Observaban hace poco nuestros empresarios que muchos
trabajadores españoles están sobretitulados, formidable vocablo. Viene a ser lo
mismo que subempleados, solo que dándole la vuelta al calcetín de los los
prefijos. Llegará un día, si no ha llegado ya, en que haya que ocultar las
licenciaturas y los másteres para no caer en desgracia laboral. Pero no dentro
de la política. Ahí sigue primando la 'titulitis', el afán de acumular carreras
y expedientes académicos aunque en rigor la política sea una de las actividades
digamos elevadas donde no es preciso acreditar estudio alguno. El político es
un ser ambivalente que vive entre la evidencia posmoderna del «no te puedes
imaginar, Sonsoles» y la nostalgia secular del mérito. Hoy lo vemos arremangado
en los mítines para ponerse a la altura del populacho y mañana adornándose con plumas
profesionales de pega para aparentar ser alguien.

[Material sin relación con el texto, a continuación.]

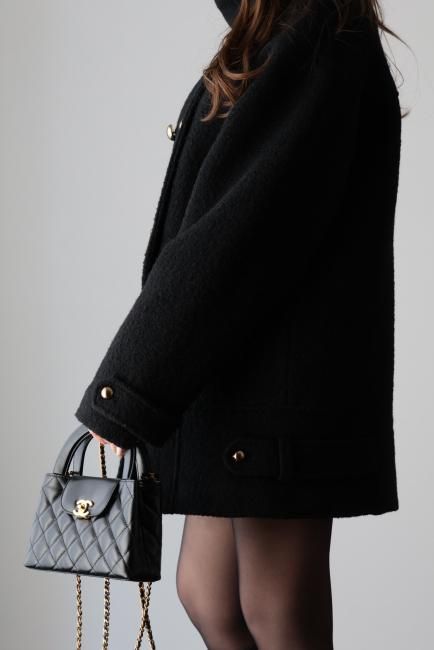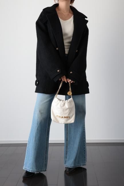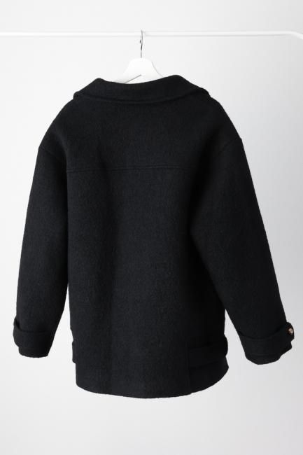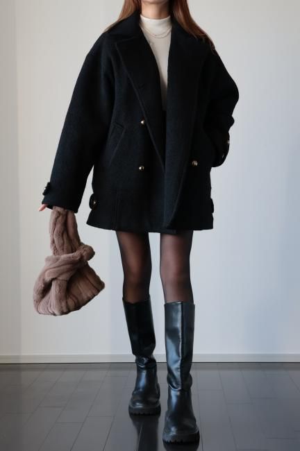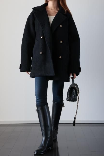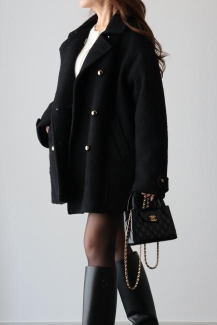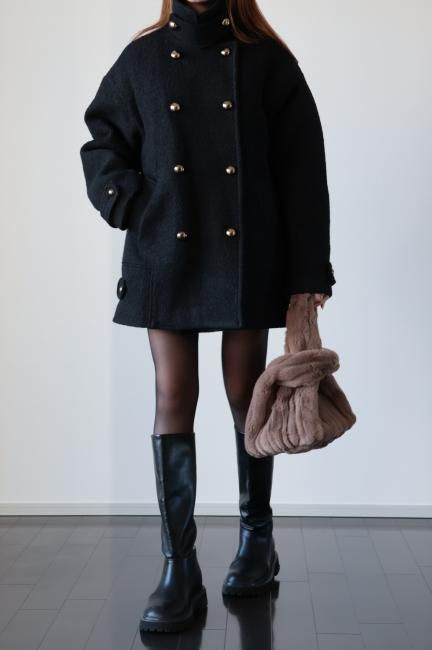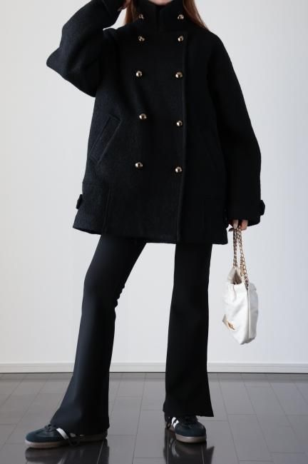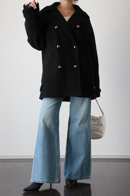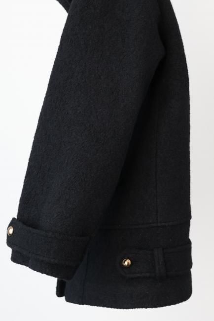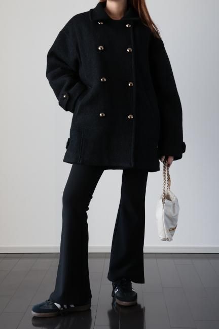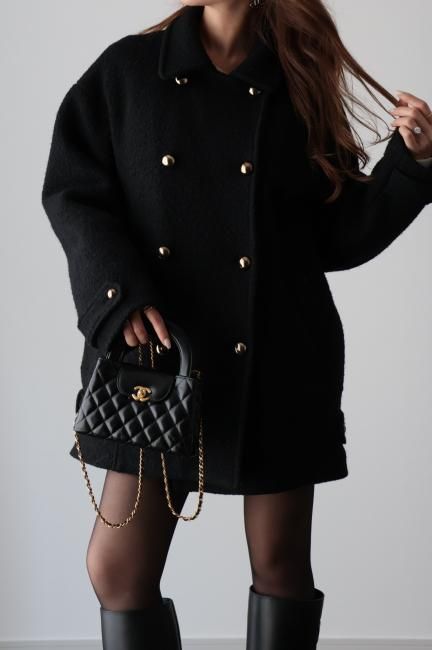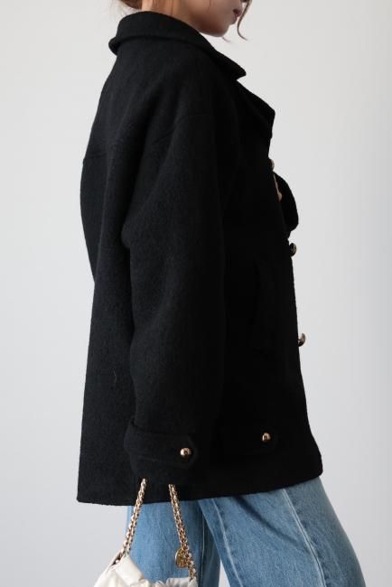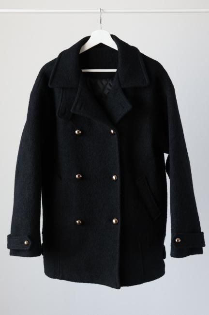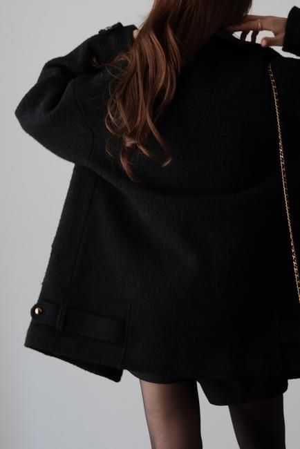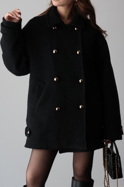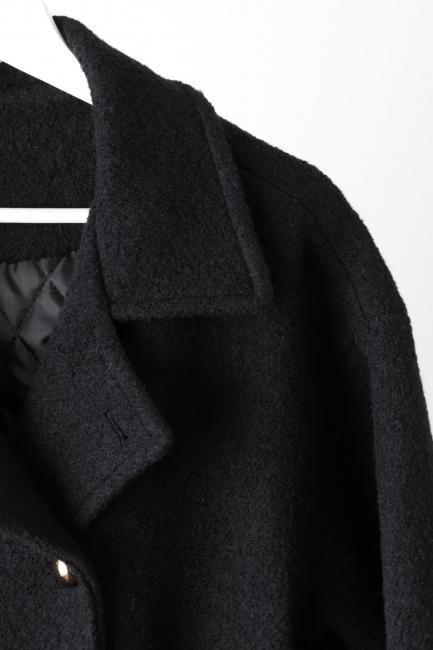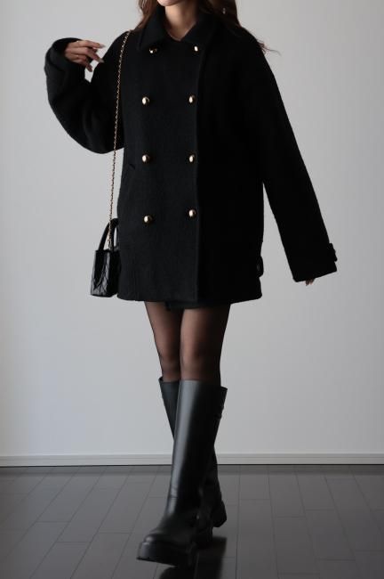 ゴールドボタンがポイントになった コンバーチブルカラーウールミディコート。

Estos días han salido a la luz dos casos de políticos
pillados con las manos en la masa de la mitomanía universitaria. Nos hemos
enterado de que tanto el reciente secretario de Estado de Empleo Tomás Burgos,
del PP, como la vicesecretaria general del PSOE Elena Valenciano sometieron sus
respectivos currículum vitae a sendas operaciones de tuneado que los
presentaban como médico al uno y como licenciada en Derecho y Ciencias
Políticas a la otra. Era mentira, pero a medias. Ambos han cursado estudios en
estas titulaciones, aunque no se sabe cuántos porque en este particular el
lenguaje tiende a la imprecisión. «Haber cursado estudios» vale por igual para quien
se bate con una sola asignatura rebelde y para el que abandona en primero más
atraído por la trepidante vida universitaria nocturna que por las aulas y las
bibliotecas.
Tal vez no importe demasiado, pero uno agradecería tener
representantes menos imaginativos y mejor avenidos con la realidad. «No son las
mentiras francas, sino las refinadas falsedades las que entorpecen la expresión
de la verdad», avisaba Lichtenberg. La pseudología fantástica actúa de esa
manera, acumulando refinadas falsedades que poco a poco van cambiando la
apariencia del impostor hasta que él mismo acaba creyendo ser el personaje que
ha construido. Lo prodigioso es que Burgos y Valenciano no solo han conseguido
mantener su ficción durante más de diez años sin que nadie, ni en el Congreso
ni en el Parlamento Europeo, reparara en el detalle, sino que a lomos del
embuste han medrado hasta alcanzar la cumbre de su carrera pública. Y más
admirable aún es que en todo este tiempo no hubieran dedicado algún rato a
hincar codos, aunque solo fuera por reconciliarse con sus respectivas máscaras.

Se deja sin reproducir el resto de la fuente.